The bad news was that I wouldn’t be allowed out of bed for ten days. There was a lot of debate as to the how and why of the dislocation, but no one knew for sure. It was all speculation.
That night I was able to reach Rob by phone. I told him what happened and that I’d be staying in Toronto for longer than originally thought. He told me he’d been hanging out with some friends of ours but I knew he was more likely hanging out in the bar every night. I told him I would check in now and then and hung up. Next, I called my dad and told him what happened. He was furious. He said he knew they had got me out of bed too early and was concerned that the surgery had failed, but I told him Dr. Gross said that everything was ok. I hung up feeling exhausted.
The following day, a book arrived in the mail for me from one of Mom’s friends. Mom was so concerned about me being all the way in Toronto by myself, she had asked all of her friends to send me cards to let me know people were praying for me and thinking about me.
The book was entitled Peace, Love & Healing by Dr. Berine S Siegel. I started reading the book, but after a few chapters I realized that maybe Lisa, the lady across from me might benefit more.
We had had several short discussions about her health and her concerns over the past few days and I knew she was struggling. The tests she had been having revealed her cancer had spread. I told her what I had read so far and suggested she take the book. I wrote my name and address on the inside cover and told her that she could return it to me when she was done with it.
Lisa was overcome with emotion and thanked me profusely. She was leaving the following morning to go home but assured me that she would see that I got the book back.
I did get the book back the following year at Christmas. Lisa’s daughter-in-law mailed the book with a note telling me that Lisa had passed that spring. As it turned out, my mom passed away only a few months later in July 1994.
The elderly Greek lady next to me couldn’t speak English. I could see, and hear, her frustration in trying to communicate with the nurses as they were trying to help her turn, wash and get up out of bed. It was crazy to me that anyone would live in Canada and not learn how to speak English!
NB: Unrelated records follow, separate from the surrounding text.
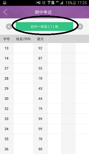 3、点击上方“切换班级”按钮,可以查看本次考试不同班级成绩。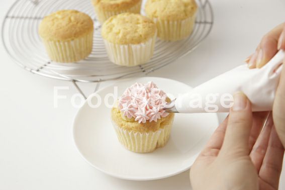7が焼き上がったら、型からはずしてケーキクーラーにのせて冷まし、8のクリームを好みの口金をつけた絞り出し袋に入れて絞り、アラザンなどの好みの砂糖菓子でトッピングする。 |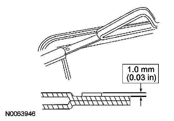 Using an appropriate tool, trim the urethane adhesive leaving no more than 1 mm (0.03 in) base of original equipment urethane along the roof opening module body mounting surface.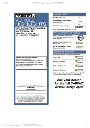 1998 buick lesabre custom sedan auto v6 fwd clean carfax new tires
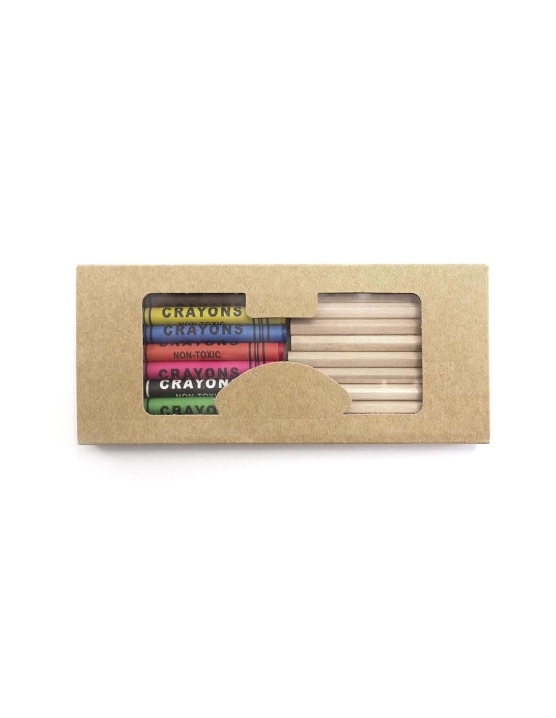 Set de 19 piezas en estuche con cuerpo en cartón natural con ventana y bandeja interior. Contiene ceras de cuerpo cilíndrico y lápices de madera natural de cuerpo hexagonal en variados colores.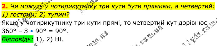 2. Чи можуть у чотирикутнику три кути бути прямими, а четвертий: 1) гострим; 2) тупим? Якщо у чотирикутнику три кути прямі, то четвертий кут дорівнює 360° – З • 90° = 90°. Відповідь: 1), 2) Ні.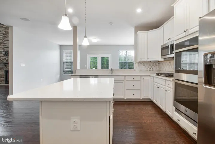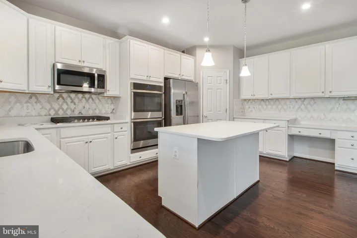 Modern gourmet kitchen with quartz countertops, stainless steel appliances, and center island.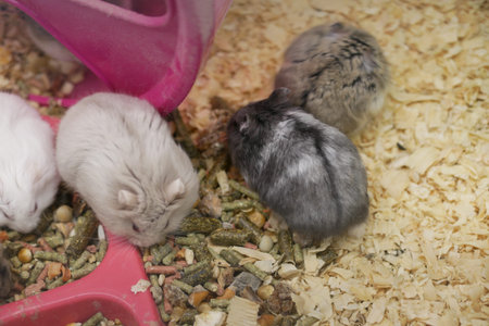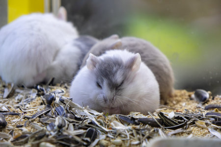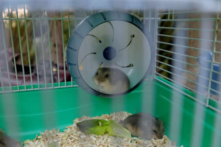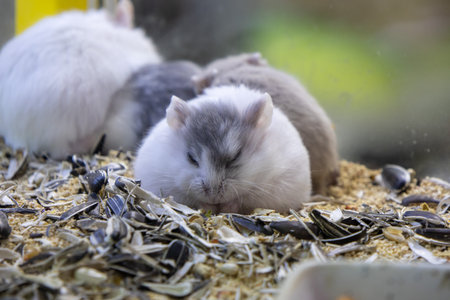 a family of Jungar hamsters. selling and breeding domestic rodents. pet shop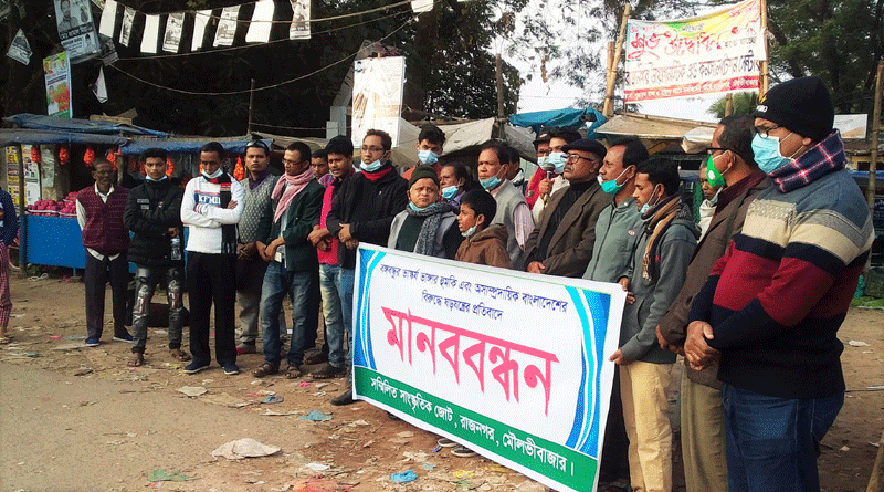 রাজনগরে সাংস্কৃতিক জোটের উদ্যোগে বঙ্গবন্ধুর ভাস্কর্য ভাংগার প্রতিবাদে মানববন্ধন

Her family came to visit every day and would always ask me to explain what had gone on. I told her daughter that she was struggling with the nurses and asked how I could help. She asked if I’d be willing to learn a bit of Greek, and because languages come relatively easy to me, I quickly agreed. All I needed to know was how to ask how she was and then learn a few words of responses so that I could relay that to the nurses. I spent the next half-hour learning a bit of Greek. A few days later, she was released to a convalescence home. In appreciation, her daughter brought me a gift basket. I still have the coffee cup that was contained within.
By the next day I had new roommates. New roommates bring new adventures.